The polyvagal theory is especially useful in helping us understand some complex issues. So, I am going to try and apply it to something I have been talking about recently – the meaning of ‘acting out’ behaviour of children who have suffered complex trauma. In particular, the phenomena of ‘running away’ behaviour, which I wrote about in a previous blog (Tomlinson, 2015a).
Porges explains that a vagal pathway (nerve) is part of the autonomic nervous system and poly means there are many of them. The vagal pathways function to protect safety. They alert the person to threat and mobilize a protective response. This happens at an unconscious level, which Porges refers to as neuroception. In other words, it is the nervous system that is identifying threats to safety, as well as opportunities for enhancing safety and well-being. Dana (2018, p.35 ) summarizes,
“Neuroception results in the gut feelings, the heart-informed feelings, the implicit feelings that move us along the continuum between safety and survival response. Neuroception might be thought of as ‘somatic signals that influence decision making and behavioural responses without explicit awareness of the provoking cues’ (Klarer et al., 2014, p.7067).”
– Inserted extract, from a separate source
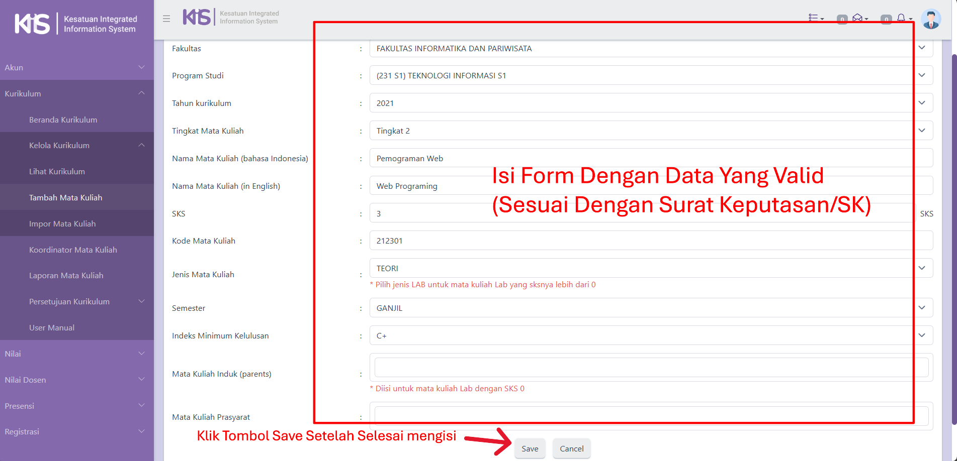 Kedua, Kaprodi Isi Form Dengan Data Yang Valid (Sesuai Dengan Surat Keputasan/SK),Lalu Sesudah mengisi form Klik Tombol Save.
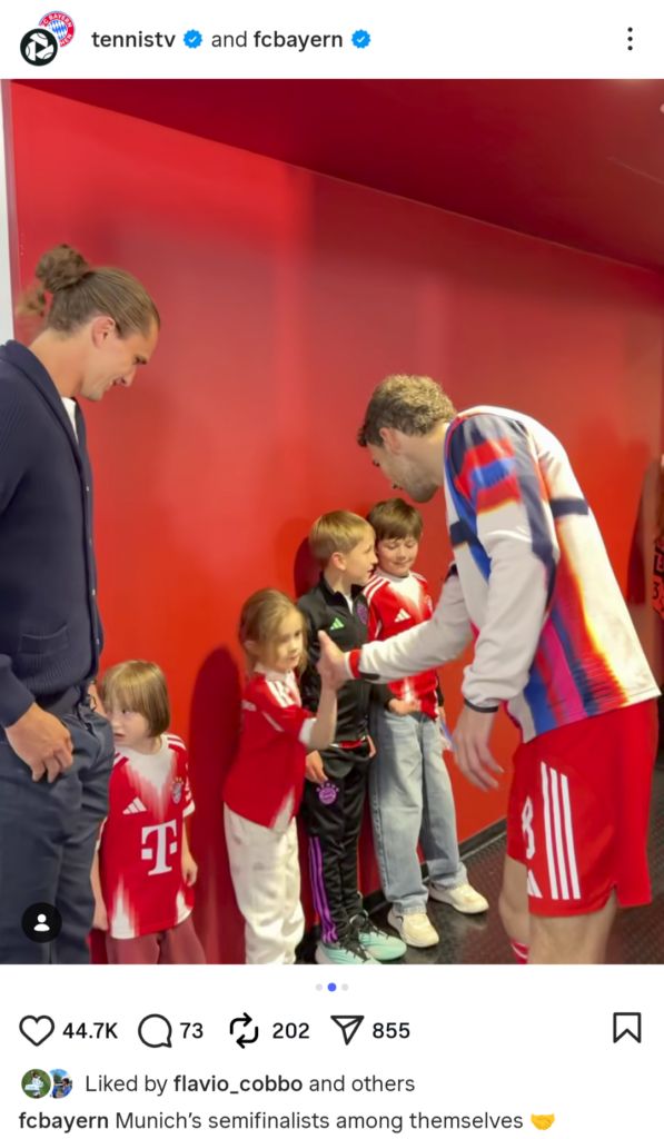 This interaction highlights the deep connection Zverev has with his home city and the club. While he was there as a fan, the support was mutual, as Bayern stars Joshua Kimmich and Serge Gnabry were spotted in the stands on Thursday to cheer Zverev on during his match.

When we are in danger neuroception takes charge and overrides our thought processes. I experienced a vivid demonstration of this. I was on a beach in Israel where a group of soldiers had set up a temporary camp. Suddenly, I heard a loud bang behind me. Before I knew it, I was sprinting and ended up about 30 yards down the beach. I was safely in the sea before I stopped to turn around. Thankfully, no one was injured. There had only been a minor explosion of a cooking gas canister and nothing more sinister. I remember wondering how I moved so quickly and so far without even thinking. Good job my neuroception was working well and gave the orders to flee! Problems arise when the vagal pathways have been impacted by trauma, especially of the complex kind. Neuroception becomes hypervigilant, misreads situations and may respond to safe situations as if they are dangerous. We know this well in our work with trauma.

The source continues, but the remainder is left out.